Task directions: Given the records underneath, please repeat exactly the lines from the line with "Педіатриня Юлія Крушельницька" through the line with "Die Weste ist", passing over any picture.

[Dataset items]
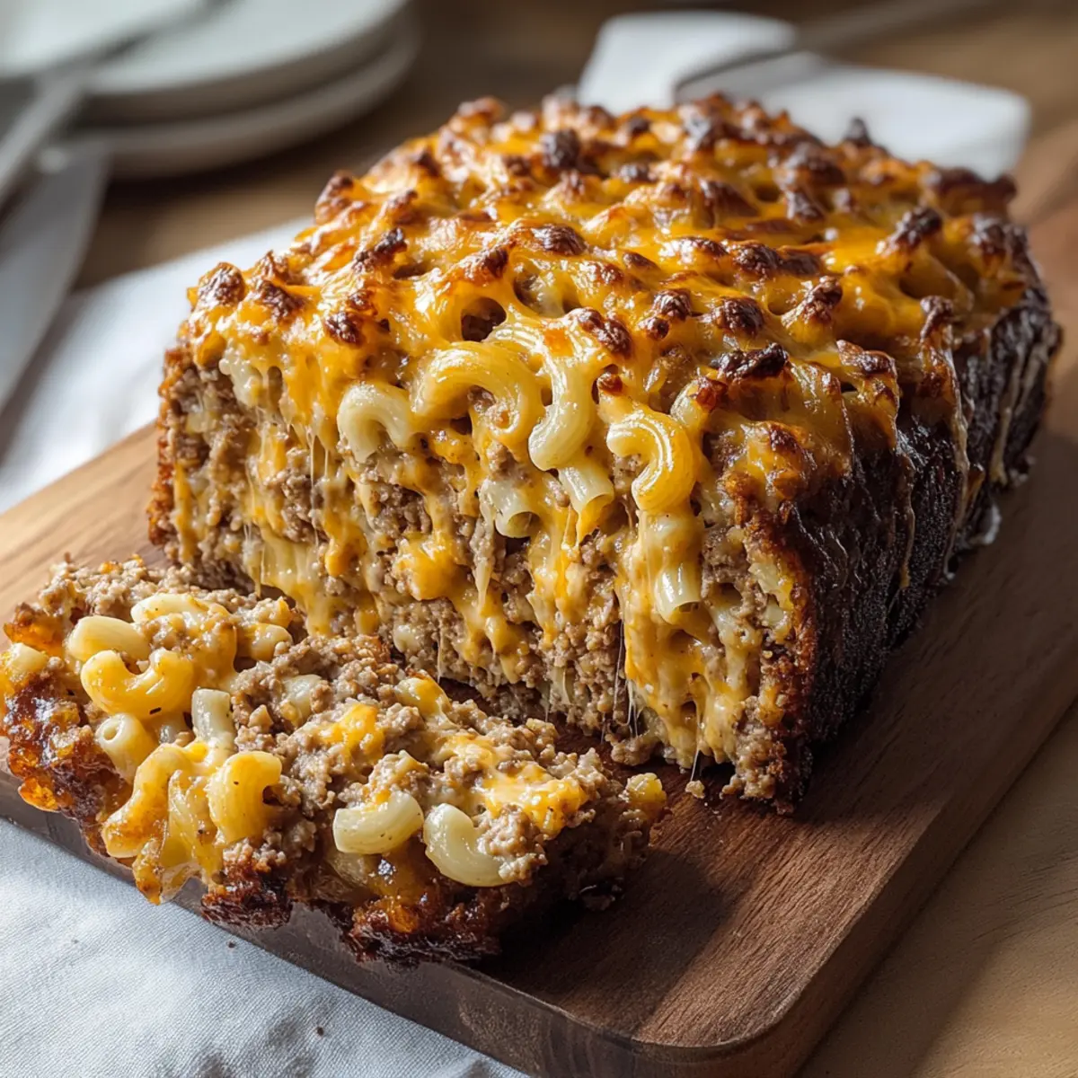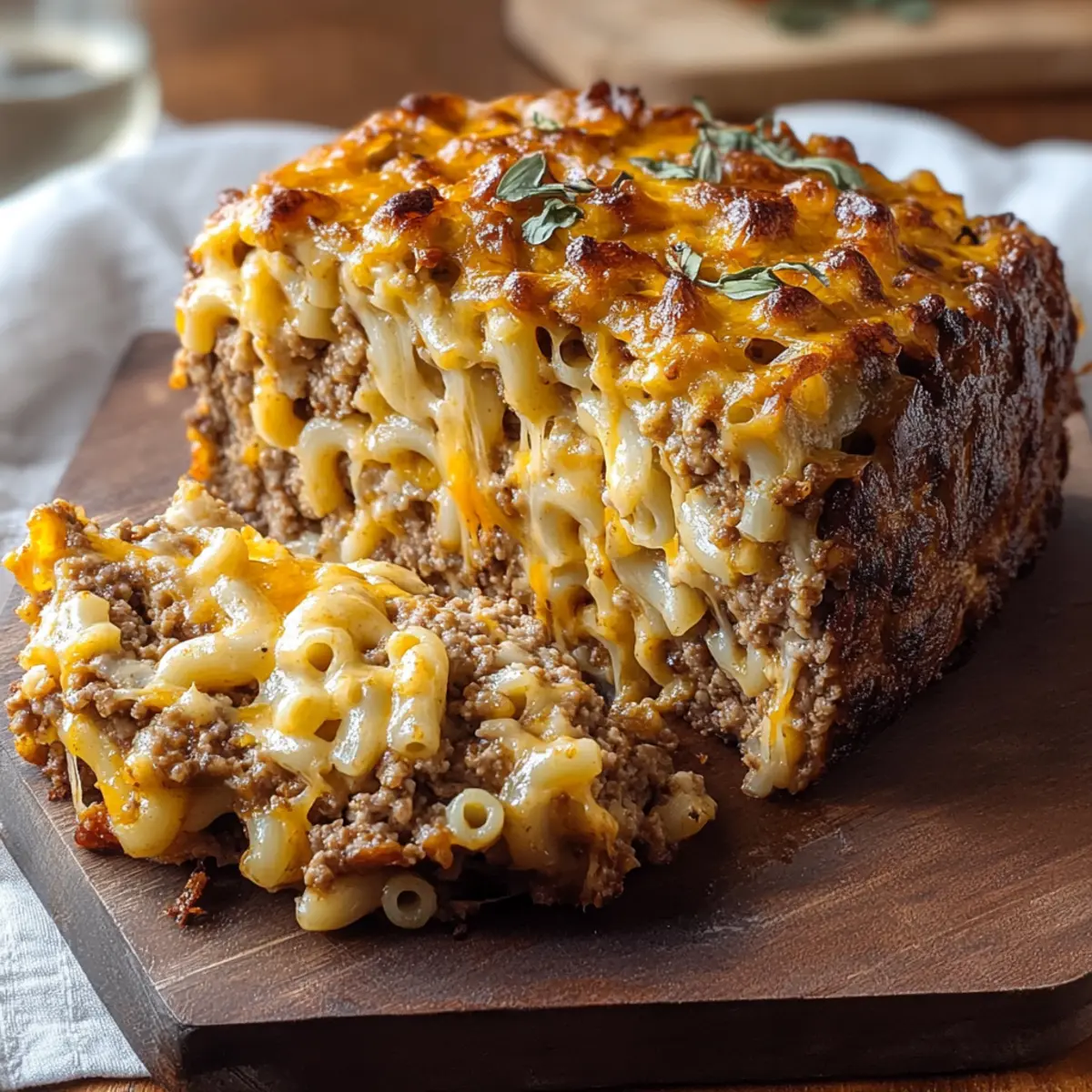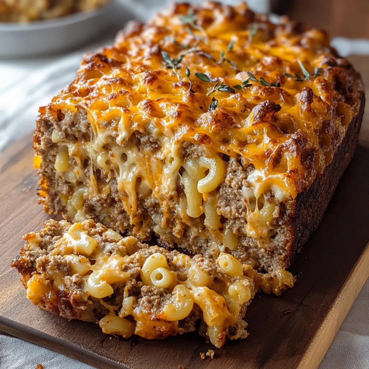 The smell of freshly baked meatloaf wafted through my kitchen, transporting me back to cozy family dinners. If you’re in the mood for a comforting dish that combines the hearty richness of ground beef with the creamy goodness of pasta, then you’re in for a treat with this Cheesy Macaroni-Stuffed Homestyle Meatloaf. It’s not just a meal; it’s a nostalgic hug in food form, making it a hit with both kids and adults alike. Plus, it’s budget-friendly and adaptable—sneak in veggies or swap out ingredients to make it your own! Are you ready to whip up this delightful dish that turns a classic favorite on its head? Let’s dive in! Why is this meatloaf recipe a must-try? Comfort Food Bliss: This Cheesy Macaroni-Stuffed Homestyle Meatloaf combines the best of two favorites, giving your family a hearty meal they’ll adore. Budget-Friendly: Using staple ingredients, this recipe makes it easy to whip up a delicious dinner without breaking the bank. Endless Customization: Tailor the flavors by swapping ingredients, like trying Cheesy Hamburger Rice for a different twist or adding your favorite veggies. Kid-Approved: The cheesy macaroni filling makes this dish incredibly appealing to children, turning even picky eaters into fans! Time-Saving Delight: With minimal prep and just one hour in the oven, you’ll have a satisfying dish ready for busy weeknight dinners. This comforting meal truly brings everyone together around the table! Cheesy Macaroni-Stuffed Homestyle Meatloaf Ingredients For the Meatloaf Cooked Macaroni – Provides that creamy, cheesy base everyone loves; use whole grain pasta for a healthier option. Ground Chuck – The savory protein foundation; swap for ground turkey or pork for a lighter dish. Fine Soft Bread Crumbs – Binds the mix and adds texture; gluten-free breadcrumbs can be used for dietary needs. Skim Milk – Keeps the meatloaf moist without excess calories; almond milk is a great lactose-free alternative. Eggs – Essential for binding everything together; flax eggs work if you’re seeking a vegan option. Chopped Onion – Infuses deep flavor and moisture; shallots add a sweeter touch if desired. Chopped Green Peppers – Adds a nice crunch and vibrant color; omit or replace with finely grated carrots for a veggie boost. Reduced-Fat Cheddar Cheese – Offers that classic cheesy flavor; feel free to experiment with pepper jack or mozzarella for a twist. Salt – Enhances and elevates the overall flavor of the dish. Pepper – Brings warmth and depth to each bite. For Serving Ketchup or BBQ Sauce – A traditional topping that can elevate the flavor profile; personalize to your taste! This Cheesy Macaroni-Stuffed Homestyle Meatloaf is all about comfort and creativity, allowing you to tailor it to your family’s preferences! Step‑by‑Step Instructions for Cheesy Macaroni-Stuffed Homestyle Meatloaf Step 1: Preheat the Oven Begin by preheating your oven to 350°F (175°C). This essential step ensures a perfectly cooked Cheesy Macaroni-Stuffed Homestyle Meatloaf, so set your timer for 10 minutes while the oven heats up. As you wait, gather your ingredients to streamline your preparation. Step 2: Cook the Macaroni In a large pot of boiling salted water, cook the macaroni according to the package directions for about 8-10 minutes until al dente. Drain the macaroni thoroughly in a colander, giving it a gentle shake to remove excess water, then set it aside to cool slightly. This provides the creamy base for your meatloaf. Step 3: Combine Ingredients In a large mixing bowl, combine the cooked macaroni, ground chuck, fine soft bread crumbs, milk, eggs, chopped onion, chopped green peppers, reduced-fat cheddar cheese, salt, and pepper. Using a spatula or your hands, mix everything thoroughly until all ingredients are well incorporated, achieving a rich and hearty filling for your Cheesy Macaroni-Stuffed Homestyle Meatloaf. Step 4: Shape the Meatloaf Once the mixture is evenly blended, transfer it to a greased baking dish or loaf pan. Shape the mixture into a loaf, ensuring it’s compact and smooth on the surface. This will help the meatloaf hold its shape during baking and promote even cooking throughout the dish. Step 5: Bake the Meatloaf Place the loaf into your preheated oven and bake for 1 hour. Keep an eye on it; the meatloaf should emerge firm and golden-brown on top, showing that it’s cooked through. A meat thermometer inserted in the center should read at least 160°F (70°C) for safety. Step 6: Rest Before Serving Once baked, carefully remove your Cheesy Macaroni-Stuffed Homestyle Meatloaf from the oven and allow it to rest for about 5 minutes. This resting period is crucial, as it helps the meatloaf firm up and makes slicing easier while retaining all those delicious juices. Step 7: Slice and Enjoy After resting, slice the meatloaf into generous portions and serve warm. The beautiful contrast of cheesy macaroni inside the savory meatloaf will be a showstopper at the dinner table. Pair slices with ketchup or BBQ sauce for an added flavor boost, and enjoy the comforting delight of this hearty dish! Cheesy Macaroni-Stuffed Homestyle Meatloaf Variations Feel free to play with this comforting recipe and make it truly yours with these creative ideas! Dairy-Free: Substitute all dairy products with almond or cashew milk and a vegan cheese alternative. Enjoy a deliciously creamy meatloaf without the dairy! Spicy Kick: Add cayenne pepper or red pepper flakes for a delightful heat. It will give your meatloaf an exciting twist while still being family-friendly. Veggie-Packed: Sneak in extra veggies, such as grated zucchini or spinach, for a nourishing boost. Not only do they add moisture, but they also amp up the health factor without losing flavor. Different Meats: Switch out ground chuck for lean ground turkey or chicken to lighten it up. Both options offer a deliciously satisfying taste while keeping the dish hearty. Cheese Swap: Experiment with gouda or pepper
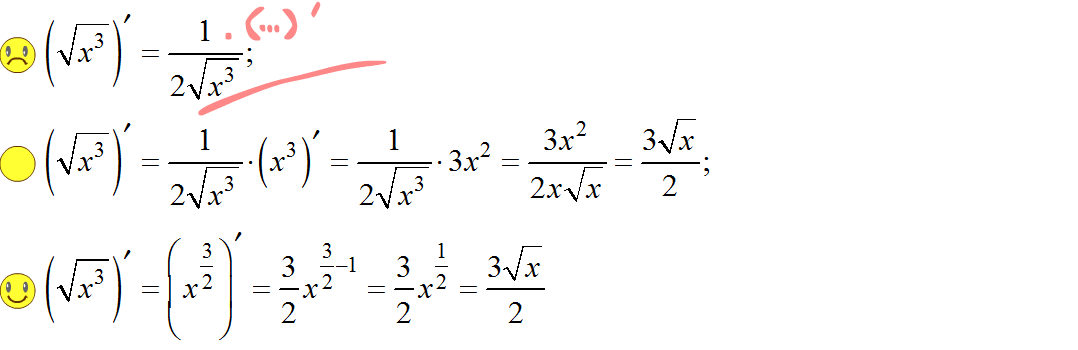 Если корень в знаменателе, сначала преобразовываем его в степень, затем — поднимаем наверх с отрицательным показателем, а далее — как обычно, производная степени.
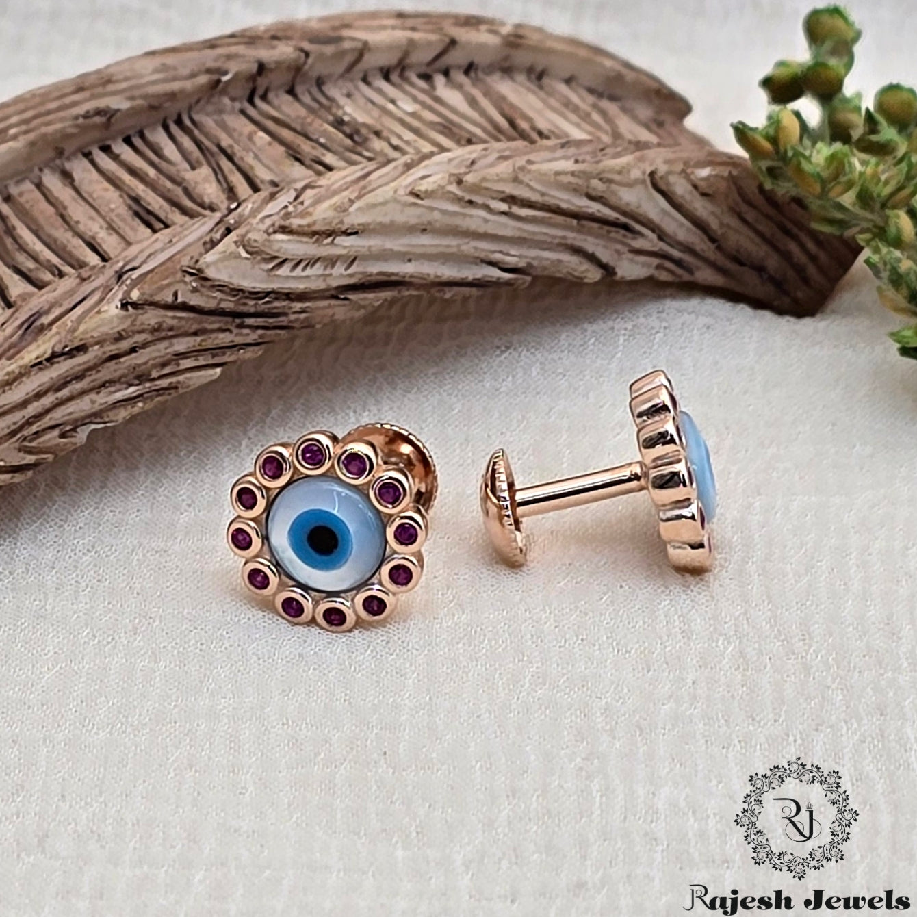 Evil-eye Cz Rosegold Silver Stud Earrings
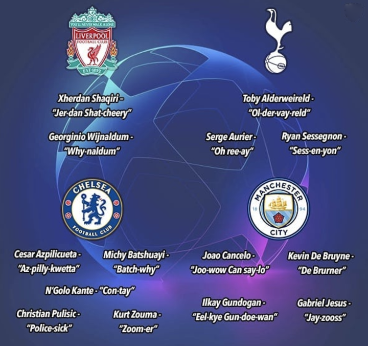 Here's a pronunciation guide for some players in UCL:Have you been pronouncing their names right? Copyright Declaration
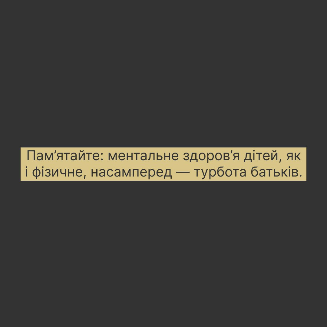 Педіатриня Юлія Крушельницька радить пильнувати малечу щодня і щогодини, адже симптоми, на які треба звернути увагу, дуже прості. Це не говорить, що за перших сліз треба бити на сполох — з легкою застудою ніхто не кладе дитину в лікарню, але й пневмонію чаєм вдома не лікують. Так само і з ментальним здоров’ям: іноді можуть допомогти тато з мамою, а іноді — лише спеціалісти.
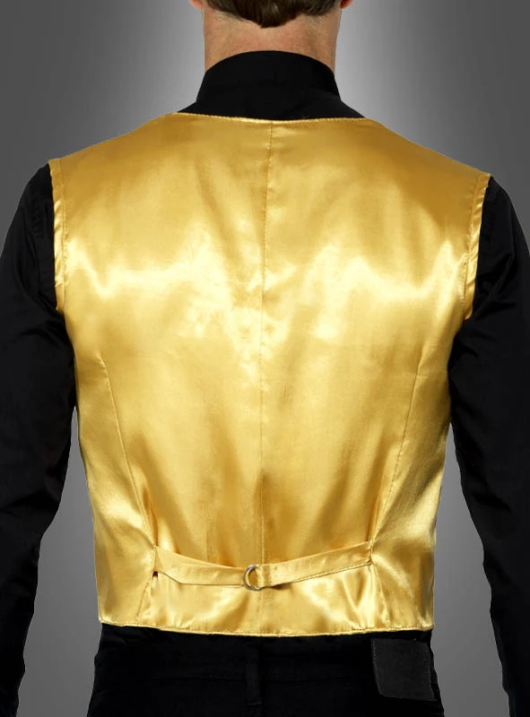 Die Weste ist auf der Vorderseite mit aufgenähten Pailletten verziert. Auf der Rückseite ist der gold-gelbe Satinstoff mit feinem Glanz zu sehen. Sie kann vorne geknöpft werden. Im Rückenbereich ist ein Riegel angebracht, zwei Satinbänder mit denen man die Weite regulieren kann. Tragen Sie am besten schwarze Kleidung, damit das schimmernde Gold gut zur Geltung kommt.
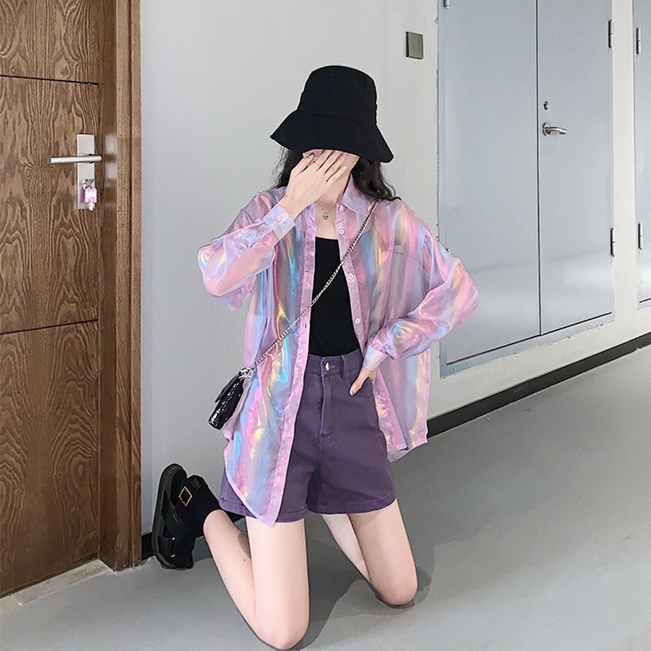 【REGIT】AURORA SEE-THROUGH SHIRT-WHITE S/S 韓国ファッション トップス 長袖 シャツ ブラウス シースルー 透け感 オーロラ 羽織シャツ 個性的 10代 20代 プチプラ 着回し 着映え ネット通販 TTB045
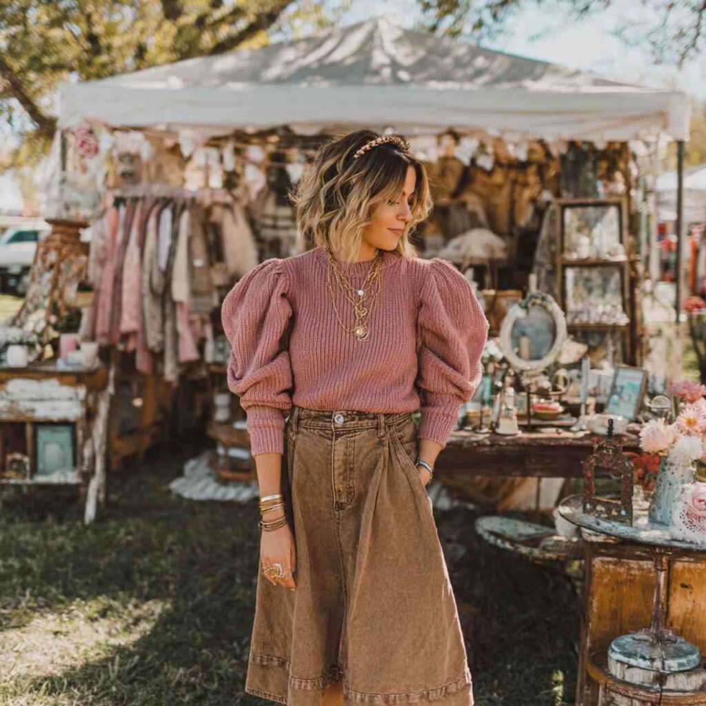 Choose a puff sleeve sweater in soft fall colors dusty pink, sage green, or cream. Pair with a denim midi or mini skirtโthe length depends on your preference and comfort. Add tights as weather demands. Complete with ankle boots or Mary Jane shoes. This outfit works for brunches, casual dates, shopping trips, lunch with friends, or any occasion wanting feminine sweetness with casual ease.
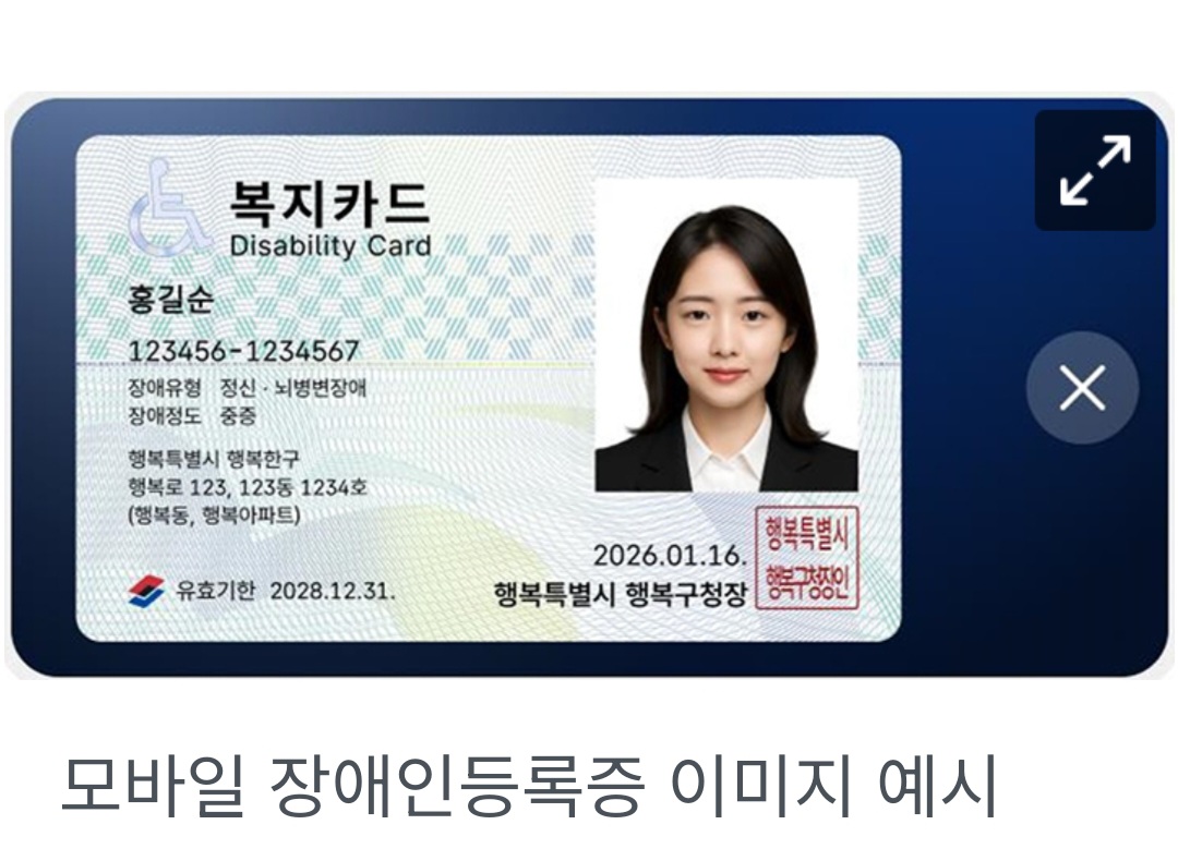 이에 플라스틱 재질의 장애인등록증을 발급받은 장애인은 추가로 모바일 장애인등록증을 신청할 수 있는 바, 신분증과 본인 명의의 스마트폰을 가지고 가까운 행정복지센터에 방문하면 된다.
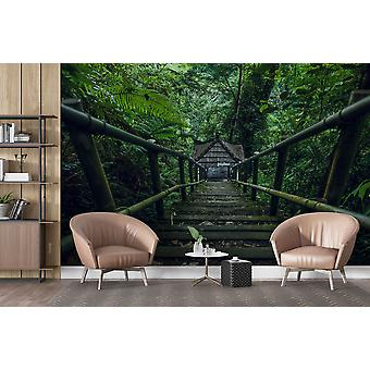 3D מדרגות ירוקות מגודלות יער קיר קיר טפט Gd 2197
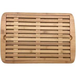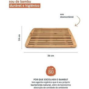 Características da Tábua de Pão de Bambu Migalheira Oikos A tábua de pão tem 2 cm de altura, 24 cm de largura e 36 cm de comprimento. Por ser feita de madeira do tipo bambu, ela tem a durabilidade e resistência do material, podendo suportar quedas e impactos comuns no dia a dia. A superfície conta com uma grade de madeira que pode ser retirada para que ocorra a limpeza das migalhas de pão de maneira eficiente. Além disso, sua tonalidade bege natural combina com diversas decorações e dá um ar rústico e elegante à cozinha.
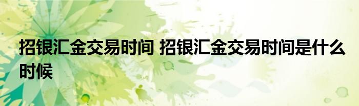 导读 大家好,小理来为大家解答以上的问题。招银汇金交易时间,招银汇金交易时间是什么时候这个很多人还不知道,现在让我们一起来看看吧!

Finished task:
 Педіатриня Юлія Крушельницька радить пильнувати малечу щодня і щогодини, адже симптоми, на які треба звернути увагу, дуже прості. Це не говорить, що за перших сліз треба бити на сполох — з легкою застудою ніхто не кладе дитину в лікарню, але й пневмонію чаєм вдома не лікують. Так само і з ментальним здоров’ям: іноді можуть допомогти тато з мамою, а іноді — лише спеціалісти.
 Die Weste ist auf der Vorderseite mit aufgenähten Pailletten verziert. Auf der Rückseite ist der gold-gelbe Satinstoff mit feinem Glanz zu sehen. Sie kann vorne geknöpft werden. Im Rückenbereich ist ein Riegel angebracht, zwei Satinbänder mit denen man die Weite regulieren kann. Tragen Sie am besten schwarze Kleidung, damit das schimmernde Gold gut zur Geltung kommt.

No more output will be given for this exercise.